In part 4 of this Exclusive Interview, Dr. Jeffrey Mechanick talks with Diabetes in Control Publisher Steve Freed during the AACE 2018 convention in Boston, MA about trans-cultural drivers in type 2 diabetes, such as different eating patterns in different cultures.

Dr. Jeffrey Mechanick, MD, FACE, FACR, FACN, ECNU is the Clinical Professor of Medicine and Director of Metabolic Support in the Division of Endocrinology, Diabetes and Bone Disease at the Icahn School of Medicine at Mount Sinai, NY.


Transcript of this video segment:

Freed: What is the focus on the transcultural drivers in Type 2 diabetes?

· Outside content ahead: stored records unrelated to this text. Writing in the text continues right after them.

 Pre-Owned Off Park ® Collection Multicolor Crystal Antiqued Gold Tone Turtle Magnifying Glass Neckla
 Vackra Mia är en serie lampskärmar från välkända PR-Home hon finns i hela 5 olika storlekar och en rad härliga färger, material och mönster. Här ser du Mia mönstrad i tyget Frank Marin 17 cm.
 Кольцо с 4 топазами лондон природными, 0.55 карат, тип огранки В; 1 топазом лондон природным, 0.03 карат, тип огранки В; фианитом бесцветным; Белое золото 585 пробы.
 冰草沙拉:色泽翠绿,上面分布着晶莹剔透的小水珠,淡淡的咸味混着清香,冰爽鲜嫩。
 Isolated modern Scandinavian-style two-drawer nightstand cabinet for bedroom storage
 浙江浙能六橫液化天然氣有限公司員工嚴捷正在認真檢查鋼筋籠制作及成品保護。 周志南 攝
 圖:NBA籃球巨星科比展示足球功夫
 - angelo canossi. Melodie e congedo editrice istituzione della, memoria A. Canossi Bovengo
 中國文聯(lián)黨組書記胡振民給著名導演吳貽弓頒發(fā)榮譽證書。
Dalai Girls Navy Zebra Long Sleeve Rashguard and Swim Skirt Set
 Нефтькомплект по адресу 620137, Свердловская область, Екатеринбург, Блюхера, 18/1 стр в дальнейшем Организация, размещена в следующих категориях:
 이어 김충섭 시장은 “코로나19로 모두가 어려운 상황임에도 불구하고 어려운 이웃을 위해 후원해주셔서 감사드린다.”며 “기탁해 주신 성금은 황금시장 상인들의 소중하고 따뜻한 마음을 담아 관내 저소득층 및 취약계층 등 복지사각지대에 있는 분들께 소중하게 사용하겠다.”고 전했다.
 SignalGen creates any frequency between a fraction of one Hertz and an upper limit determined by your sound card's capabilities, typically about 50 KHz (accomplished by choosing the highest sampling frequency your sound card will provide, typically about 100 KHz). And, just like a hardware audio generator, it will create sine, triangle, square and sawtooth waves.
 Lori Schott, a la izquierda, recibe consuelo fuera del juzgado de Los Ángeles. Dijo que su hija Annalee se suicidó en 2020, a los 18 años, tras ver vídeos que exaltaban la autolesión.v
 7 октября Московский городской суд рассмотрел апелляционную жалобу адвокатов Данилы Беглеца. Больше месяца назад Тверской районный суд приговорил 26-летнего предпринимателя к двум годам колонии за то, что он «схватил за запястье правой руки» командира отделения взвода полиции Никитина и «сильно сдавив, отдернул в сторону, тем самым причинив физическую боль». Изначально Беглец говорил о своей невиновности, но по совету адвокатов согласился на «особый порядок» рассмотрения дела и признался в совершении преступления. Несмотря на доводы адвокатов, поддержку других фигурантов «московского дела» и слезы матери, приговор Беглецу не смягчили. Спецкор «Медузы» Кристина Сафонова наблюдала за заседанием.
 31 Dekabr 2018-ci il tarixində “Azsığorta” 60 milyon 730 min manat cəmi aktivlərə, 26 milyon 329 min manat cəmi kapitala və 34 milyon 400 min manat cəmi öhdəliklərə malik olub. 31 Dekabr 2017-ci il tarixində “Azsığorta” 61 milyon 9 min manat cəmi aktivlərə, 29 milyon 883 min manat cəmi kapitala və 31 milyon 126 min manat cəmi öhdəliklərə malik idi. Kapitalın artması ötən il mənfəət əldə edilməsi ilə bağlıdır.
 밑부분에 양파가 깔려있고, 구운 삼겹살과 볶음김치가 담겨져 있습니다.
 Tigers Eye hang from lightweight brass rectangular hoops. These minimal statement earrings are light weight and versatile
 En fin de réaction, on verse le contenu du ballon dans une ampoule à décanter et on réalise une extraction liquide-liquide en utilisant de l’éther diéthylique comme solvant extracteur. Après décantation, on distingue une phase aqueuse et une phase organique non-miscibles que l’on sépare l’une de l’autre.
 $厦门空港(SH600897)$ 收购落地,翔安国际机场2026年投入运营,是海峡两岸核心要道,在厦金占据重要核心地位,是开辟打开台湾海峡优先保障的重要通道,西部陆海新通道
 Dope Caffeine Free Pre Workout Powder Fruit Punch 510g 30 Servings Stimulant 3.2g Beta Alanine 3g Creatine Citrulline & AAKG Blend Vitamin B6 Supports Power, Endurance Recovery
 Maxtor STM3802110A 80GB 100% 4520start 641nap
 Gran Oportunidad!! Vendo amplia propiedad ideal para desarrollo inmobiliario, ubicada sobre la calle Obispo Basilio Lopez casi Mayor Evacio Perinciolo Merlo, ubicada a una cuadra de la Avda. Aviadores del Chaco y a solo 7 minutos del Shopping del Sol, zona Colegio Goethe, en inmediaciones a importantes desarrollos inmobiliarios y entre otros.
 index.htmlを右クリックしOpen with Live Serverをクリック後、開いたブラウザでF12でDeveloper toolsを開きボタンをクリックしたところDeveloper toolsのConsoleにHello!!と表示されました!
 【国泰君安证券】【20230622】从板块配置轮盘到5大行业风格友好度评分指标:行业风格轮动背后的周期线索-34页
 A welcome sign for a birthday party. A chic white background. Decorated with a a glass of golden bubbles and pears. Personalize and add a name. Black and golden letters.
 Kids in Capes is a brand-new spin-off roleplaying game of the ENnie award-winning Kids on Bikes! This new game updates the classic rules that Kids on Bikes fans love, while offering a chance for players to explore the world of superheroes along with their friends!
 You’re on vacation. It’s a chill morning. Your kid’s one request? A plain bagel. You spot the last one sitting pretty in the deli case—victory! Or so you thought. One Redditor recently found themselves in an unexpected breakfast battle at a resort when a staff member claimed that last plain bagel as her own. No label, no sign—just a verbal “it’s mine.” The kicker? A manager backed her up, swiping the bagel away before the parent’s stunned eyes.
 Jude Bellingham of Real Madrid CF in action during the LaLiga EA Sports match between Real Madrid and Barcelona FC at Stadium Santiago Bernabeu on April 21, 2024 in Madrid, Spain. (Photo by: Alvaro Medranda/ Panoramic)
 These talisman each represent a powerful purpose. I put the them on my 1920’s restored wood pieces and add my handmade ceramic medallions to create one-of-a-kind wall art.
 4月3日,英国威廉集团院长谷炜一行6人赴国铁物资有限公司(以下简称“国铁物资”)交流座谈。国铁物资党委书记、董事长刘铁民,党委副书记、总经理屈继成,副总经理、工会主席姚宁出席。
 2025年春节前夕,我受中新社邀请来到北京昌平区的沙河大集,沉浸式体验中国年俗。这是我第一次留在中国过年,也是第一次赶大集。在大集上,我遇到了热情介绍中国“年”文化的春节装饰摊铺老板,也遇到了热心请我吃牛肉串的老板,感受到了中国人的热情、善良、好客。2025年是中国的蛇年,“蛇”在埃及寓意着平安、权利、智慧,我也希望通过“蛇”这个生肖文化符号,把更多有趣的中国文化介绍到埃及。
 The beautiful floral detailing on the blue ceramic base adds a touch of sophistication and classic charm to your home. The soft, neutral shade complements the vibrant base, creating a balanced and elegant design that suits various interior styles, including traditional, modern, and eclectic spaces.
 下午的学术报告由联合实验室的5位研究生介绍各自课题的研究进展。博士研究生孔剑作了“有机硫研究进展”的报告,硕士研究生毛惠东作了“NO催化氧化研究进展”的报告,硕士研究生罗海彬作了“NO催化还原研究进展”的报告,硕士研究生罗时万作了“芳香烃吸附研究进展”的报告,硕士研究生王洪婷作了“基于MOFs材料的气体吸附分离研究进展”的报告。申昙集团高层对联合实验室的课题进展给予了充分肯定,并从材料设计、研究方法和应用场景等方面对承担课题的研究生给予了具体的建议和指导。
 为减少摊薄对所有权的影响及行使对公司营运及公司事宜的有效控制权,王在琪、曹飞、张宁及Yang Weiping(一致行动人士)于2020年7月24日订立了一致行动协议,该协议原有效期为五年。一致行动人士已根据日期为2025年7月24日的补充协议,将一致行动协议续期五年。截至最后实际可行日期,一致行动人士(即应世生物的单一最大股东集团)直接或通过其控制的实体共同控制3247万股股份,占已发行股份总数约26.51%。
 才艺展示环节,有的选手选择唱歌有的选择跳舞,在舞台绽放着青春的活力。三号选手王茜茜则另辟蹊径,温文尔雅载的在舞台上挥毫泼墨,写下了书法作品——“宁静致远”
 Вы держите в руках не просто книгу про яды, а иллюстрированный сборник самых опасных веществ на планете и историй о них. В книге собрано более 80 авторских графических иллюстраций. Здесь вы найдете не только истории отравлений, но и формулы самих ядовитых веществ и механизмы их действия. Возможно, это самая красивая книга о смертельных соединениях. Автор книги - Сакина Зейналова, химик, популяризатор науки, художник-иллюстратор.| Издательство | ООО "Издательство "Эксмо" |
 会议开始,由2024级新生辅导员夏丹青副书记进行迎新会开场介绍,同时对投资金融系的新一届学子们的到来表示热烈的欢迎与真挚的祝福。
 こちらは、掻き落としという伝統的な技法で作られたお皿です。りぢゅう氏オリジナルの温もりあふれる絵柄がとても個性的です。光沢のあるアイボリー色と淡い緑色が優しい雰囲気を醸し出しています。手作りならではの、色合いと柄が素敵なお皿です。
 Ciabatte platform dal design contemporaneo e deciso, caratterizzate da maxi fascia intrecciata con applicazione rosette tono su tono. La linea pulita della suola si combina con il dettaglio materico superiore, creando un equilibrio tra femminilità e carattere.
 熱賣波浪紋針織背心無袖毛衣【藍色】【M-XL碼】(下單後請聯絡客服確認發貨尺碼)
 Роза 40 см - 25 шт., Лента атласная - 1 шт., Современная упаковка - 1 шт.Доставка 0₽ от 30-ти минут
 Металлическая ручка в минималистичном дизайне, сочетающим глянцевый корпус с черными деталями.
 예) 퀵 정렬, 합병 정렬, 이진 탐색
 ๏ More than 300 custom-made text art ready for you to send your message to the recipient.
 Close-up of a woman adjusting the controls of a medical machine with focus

Mechanick: Well, there are many transcultural drivers in Type 2 diabetes. Let’s go through some of the main ones. Nutrition would be one, and I would prefer that to be viewed as eating patterns. So, there is no good or bad food; it’s really the eating pattern that determines our risk for various chronic diseases. Those eating patterns change from one culture to another. It’s very important to understand that. It’s not even the food that are on the table – it’s also the timing of eating – we’re learning a lot about the chronobiology of obesity care and diabetes care; consuming most of the food earlier in the day, not eating so much right before you go to sleep, not night grazing. So, a lot of that finds its roots in cultural dictates. So, nutrition is one. Number two would be physical activity. There are many parts of the world where it is sort of ingrained in the culture not to sweat in public. There are many parts of the world where it is so hot that people do not want to go outside or as in the Islamic faith, [are required] to be covered. These things make it more difficult to go outside and exercise in the warmer climates. A lot of those cultural dictates find their way when we look at our American population in this diverse mosaic of an American population. So, as a physician you have to be prepared to discuss this. The sarcopenia – talking about progressive resistance training to build-up muscle mass, to add protein supplements perhaps to supplement a vegan diet or a vegetarian diet that you might find in an Asian-Indian family or an Asian-Indian culture for instance here. The socioeconomics, the belief system, the attitudes toward doctors and relating to doctors, dieticians, and the paramedical, and attitudes toward stress – a lot of populations come in from other countries where there is a huge amount of stress. There is actually an allostatic stress model for diabetes where you’re revving up all of that stress and the cortical input to the limbic system, counterregulatory hormones, cortisol, adrenaline, and however you cobble together all of the pieces of this, but stress is a huge factor and being able to come up with nonpharmacologic, nonsurgical ways to manage stress – that’s lifestyle medicine. So, meditation, various forms of dances, various forms of other physical activities are all part of the ways that we can transculturalize lifestyle medicine in order to better manage chronic disease such as diabetes.